The Luton and Herts 150, Sunday 19th August
Posted on Tuesday 21 August 2007 by Charlie Keep
It wasn’t actually raining when I left the house, but it was by the time I met Nick in East Finchley. We remarked that it was what might be described as a particularly wet kind of rain. As we rode north west it became heavier, falling in drifts of fine spray. We arrived in Stanmore to find a surprisingly healthy Central London contingent gathering at the start, many suffering a motivational trough at the prospect of 162km in driving rain, but cheered by the knowledge that there were plenty of getting off places on the route.
We set off in a group of seven. Predictably the wet weather was accompanied by a couple of punctures with Jon and Camille being the unfortunate victims after a particularly muddy stretch through woodland. Soon afterwards these two and Nick decided the gods of cycling fortune were not dealing good cards today and made a tactical withdrawal from proceedings.
By this time I was wet through and left to muse on the poor quality of my clothing choices for the ride. I actually decided that I was so cold that were we to go through a town of any size I was going to stop to buy another layer. Happily it didn’t come to that however as contrary to all expectations it stopped raining around 11 o’clock and my cycling fun quota started to improve from then on, and in any case the ride never went through any settlement that could properly be called a town so it wasn’t going to happen.
Having stopped for a while for the two punctures, those of us carrying on (Naomi, Keith, Stephen and myself) were in a race against time to make the first control before its advertised closing time. We failed, but the control was still open and serving home made flapjacks and squash.

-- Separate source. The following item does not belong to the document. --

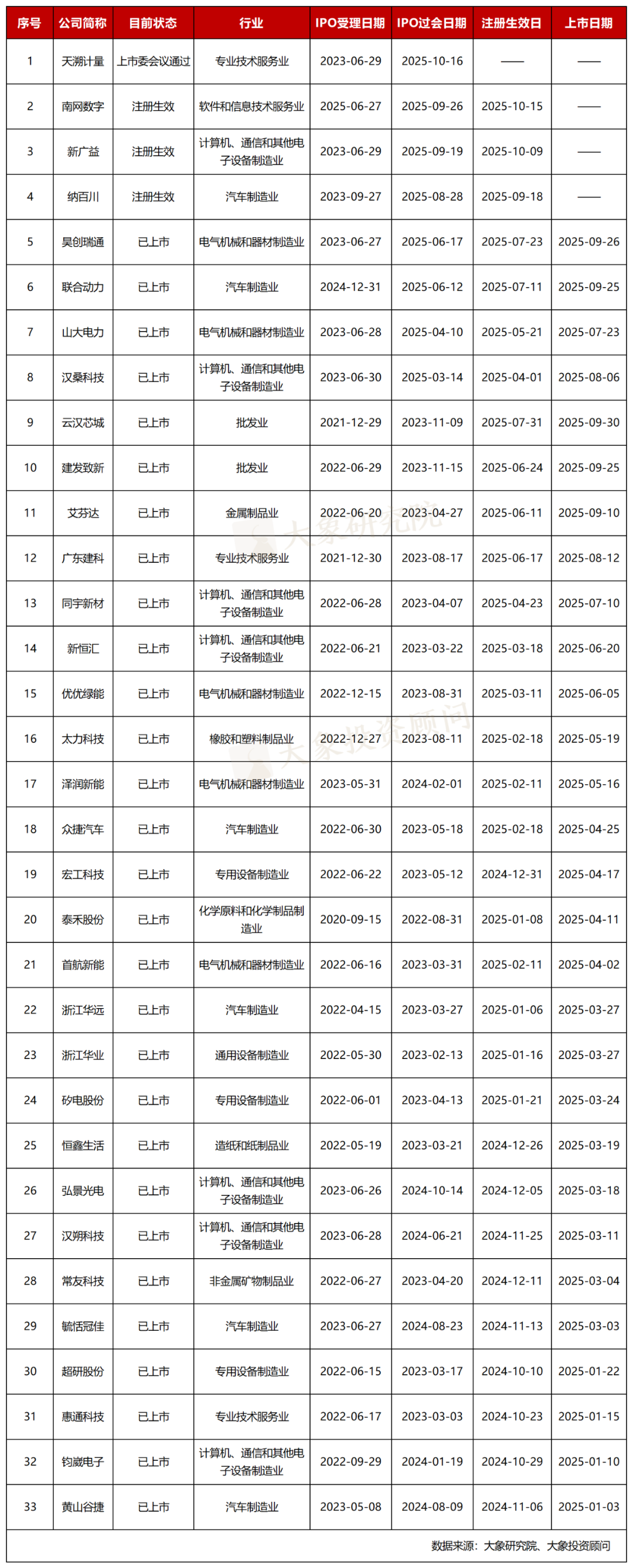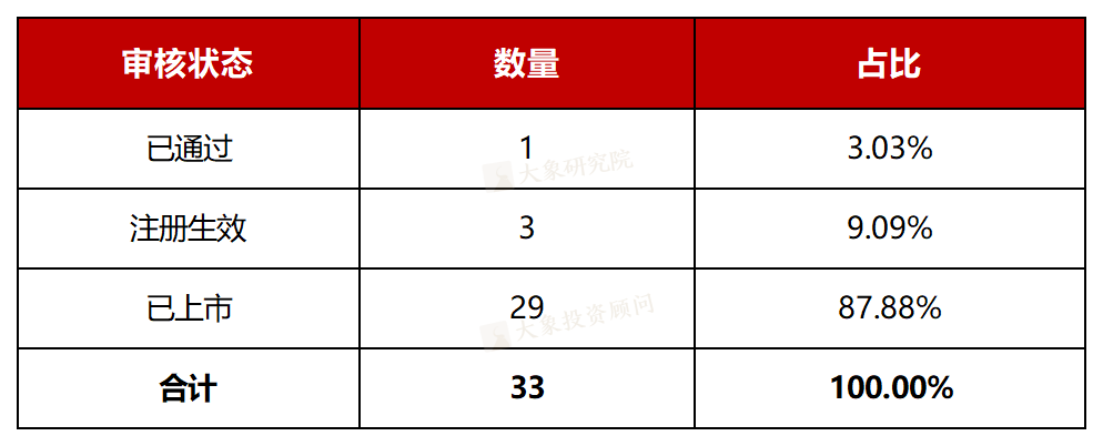据大象君统计,2025年以来,创业板过会及上市项目共计33家,具体审核状态分布情况如下:

On we battled under low leaden skies. The route rolling up and down narrow gravely lanes, past fields of freshly cut wheat and within flinching distance of Luton airport. Losing touch with my companions I took a wrong turn which cost me several miles, an extra hill and a heavy blow to the morale. I met up with Keith and Naomi at the next and final control where I was able to score a teacake and a banana which gave me a boost and kept me going through increasingly familiar territory around Datchworth, through Tewin and up Essenden Hill.

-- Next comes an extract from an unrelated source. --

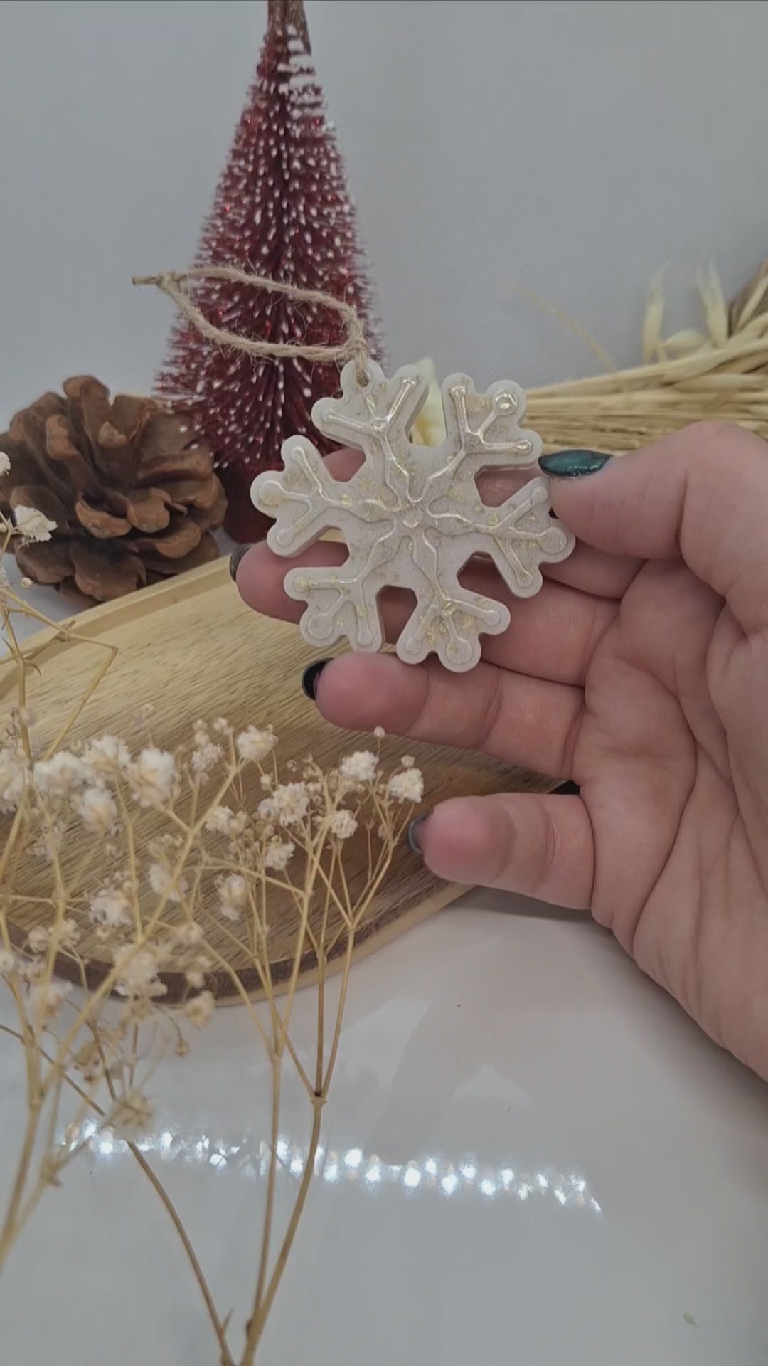 Suspension de noël réalisée en résine avec feuille dorée et peinture blanc nacré.

From here the route turns right to weave around the north west edge of London through Radlett and Bushey. These felt like long kilometres as I began to hallucinate about cups of tea and hot baths. The final hill is cruelly peppered with speed bumps – and felt much longer than it probably was, but I laughed in its face as I came out onto the Uxbridge Road and it dawned on me that I was in the final couple or kilometres and within cruising distance of a big slice of cake at the finish.